While real estate markets around the world are in the throes of a surge in investor demand, in the past two years the Copenhagen market has been targeted fiercely by foreign buyers, leading to a spike in prices.
“That’s one of the reasons we were very reluctant last year to buy here in Copenhagen – we simply found that there was not the right balance between risk and return,” Nielsen says. “So last year we only acquired one building here in Copenhagen and the year before we have even been selling some of our commercial assets here.”
Some of those sold were retail assets on Copenhagen’s famous pedestrian street Strøget. “We see a lot of appetite for Danish real estate and at price levels where it is hard for us to see the long-term business case for us,” Nielsen says. “Going abroad as part of our strategy we have been able to find better risk-adjusted returns outside Denmark.”
Nielsen attributes much of the buying by foreign funds to the fact that Denmark has a mortgage system where property buyers can borrow relatively cheaply to finance up to 60% of the property value. “I don’t know the exact business case for some of these international investors, but I’m sure they try to put as much leverage as they can when they buy in the Danish market, and it’s due to this very efficient mortgage system that we have in this country.”

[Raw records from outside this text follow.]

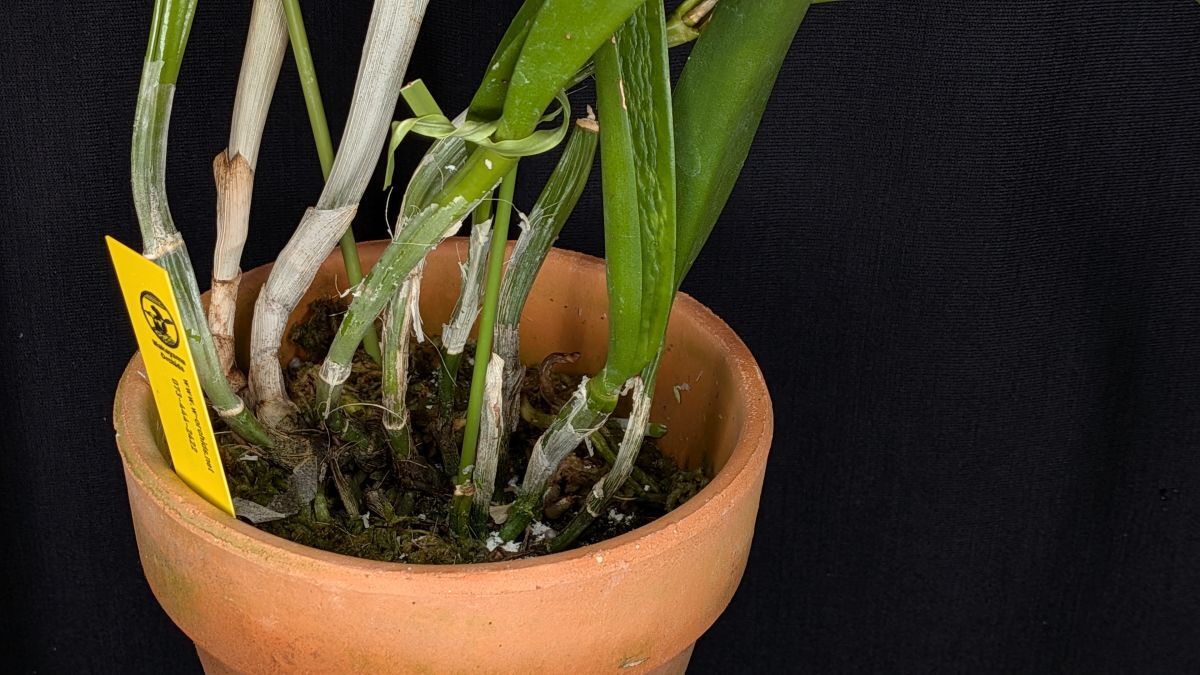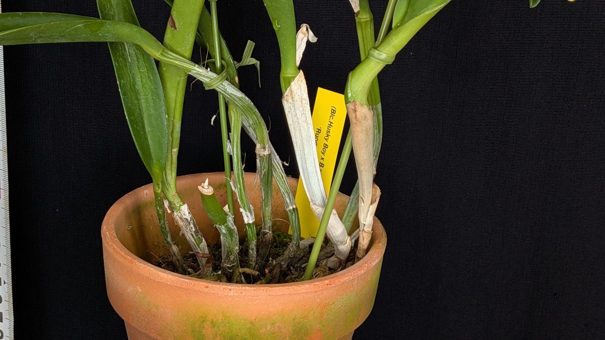 生きた植物ですので、時間の経過によってバックバルブの葉や下葉が落ちるなど多少状態が変わることもございます。
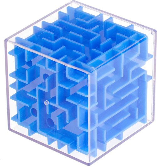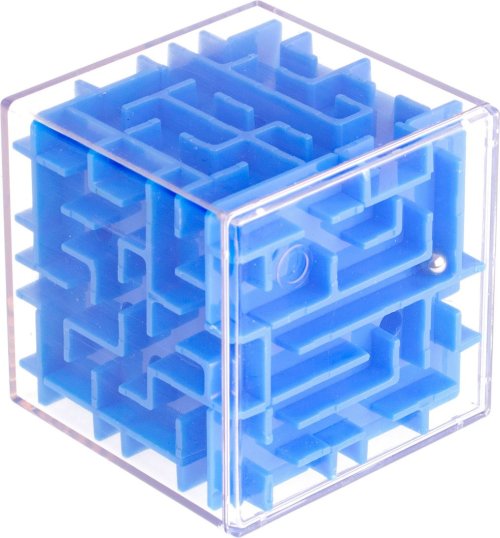 pomocí otáčivých pohybů doveď kuličku do cíle vyhni se dírám v bludišti rozměr labyrintu cca 6 x 6 x 6 cm
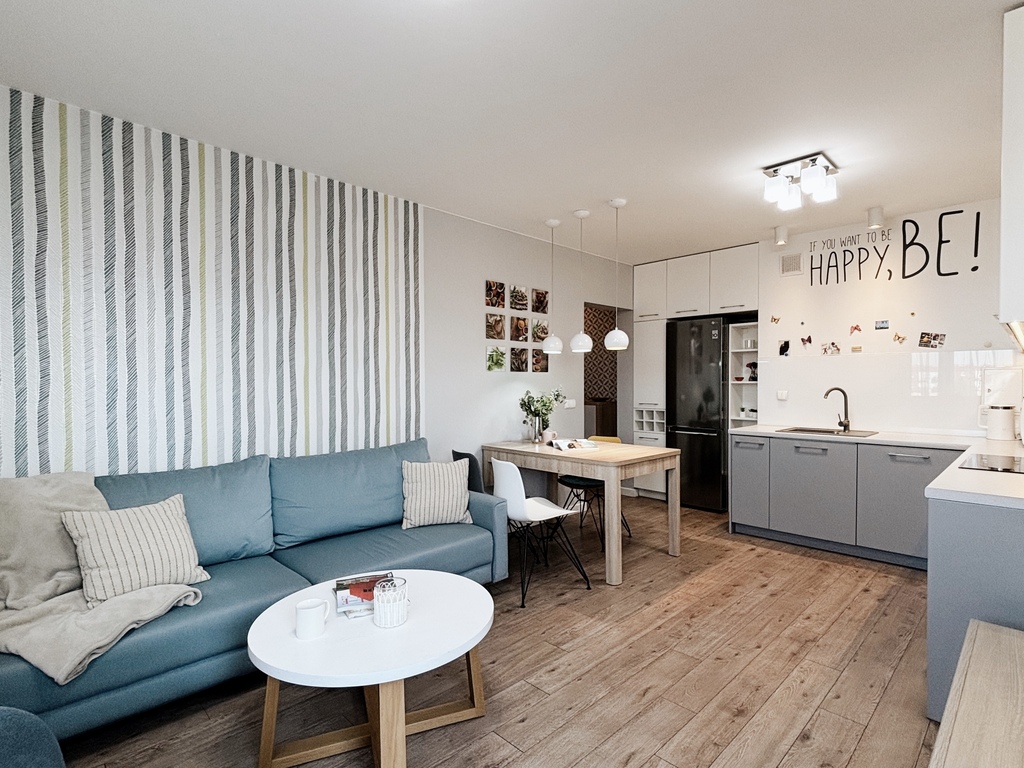 This spacious apartment comprises a living room furnished with a sofa, coffee table, comfortable armchair, TV stand, and hanging shelves. The kitchenette boasts modern built-in furniture and appliances: an oven, hob, extractor hood, refrigerator with freezer, dishwasher, and microwave. The dining area features a table with four chairs. The bedroom offers a comfortable double bed, two bedside tables, and a spacious chest of drawers. An additional room is equipped with a desk with storage units – perfect for work or study. A separate dressing room allows for better organization and convenient storage. The bathroom with a bathtub and shower has been equipped with a washer-dryer. The hallway features a spacious wardrobe, chest of drawers, shoe cabinet, and mirror. A highlight of the apartment is the balcony, accessible from the living room, providing additional space for relaxation.
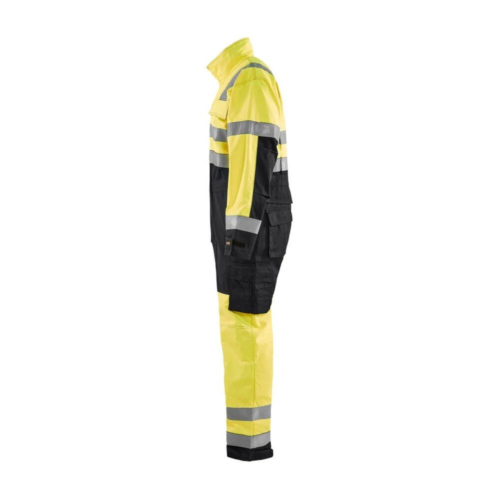 Cette combinaison de travail manches longues haute visibilité de la marque Blaklader dispose d’un col haut avec fermeture éclair et plusieurs poches pour plus de rangement possible. Elle est agréable à porter et confortable en condition de travail, grâce à son soufllet d’aisance à l’arrière et sa ceinture élastiquée.
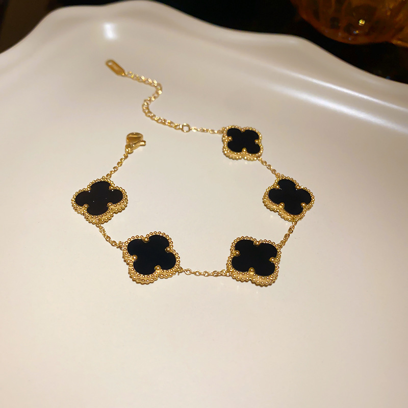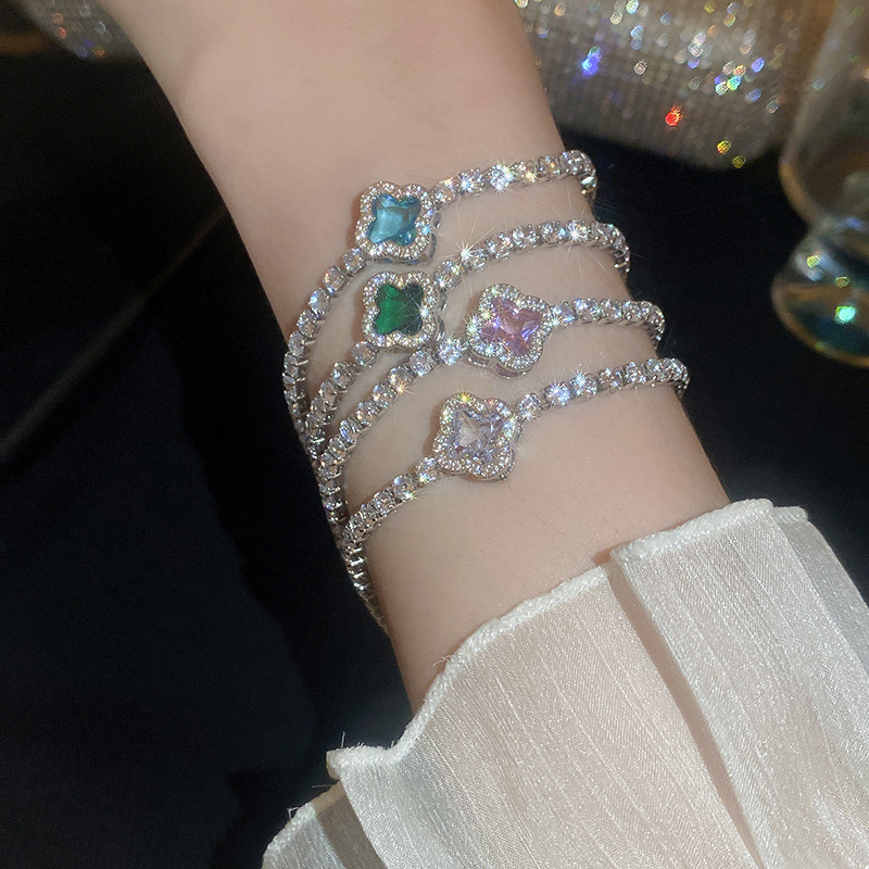 Color: 10-titanium steel diamond-encrusted four-leaf acrylic bracelet

Nielsen says the current pricing for much commercial real estate in the capital is ridiculous, but concedes that, compared with other big cities in Europe, office rents in the Danish capital are still cheap.
However, there is still a lot of empty space in developing areas around the city, such as the Ørestad district between the city centre and Copenhagen airport. “And on the other side of the harbour there’s an old shipyard still waiting for its turn to be developed,” he says. “I would say in the next few decades there’s still a lot of land available for development in Copenhagen and that will have its impact on price levels and on rental levels as well.”

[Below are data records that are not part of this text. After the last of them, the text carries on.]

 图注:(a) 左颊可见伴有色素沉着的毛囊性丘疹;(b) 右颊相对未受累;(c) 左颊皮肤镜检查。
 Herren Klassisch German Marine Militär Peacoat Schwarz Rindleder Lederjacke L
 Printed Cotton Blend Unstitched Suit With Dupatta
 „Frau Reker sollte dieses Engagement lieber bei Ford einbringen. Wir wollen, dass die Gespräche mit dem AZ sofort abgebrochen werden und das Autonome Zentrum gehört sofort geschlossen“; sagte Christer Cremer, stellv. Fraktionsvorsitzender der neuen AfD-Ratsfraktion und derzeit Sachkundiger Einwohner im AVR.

But despite the massive amount of investment capital chasing real estate, Nielsen does not believe the demand is driving property development. “We have not reached the point seen just before the financial crisis, when investors were buying empty offices all over the place, thinking a tenant will turn up shortly,” he says.
“I think investors are still trying to be realistic in terms of taking risk on new developments,” he says, adding that in Copenhagen at least, there are not many speculative developments taking place. “Just building up an empty portfolio is not the way to secure your cash flow, hopefully, from day one.”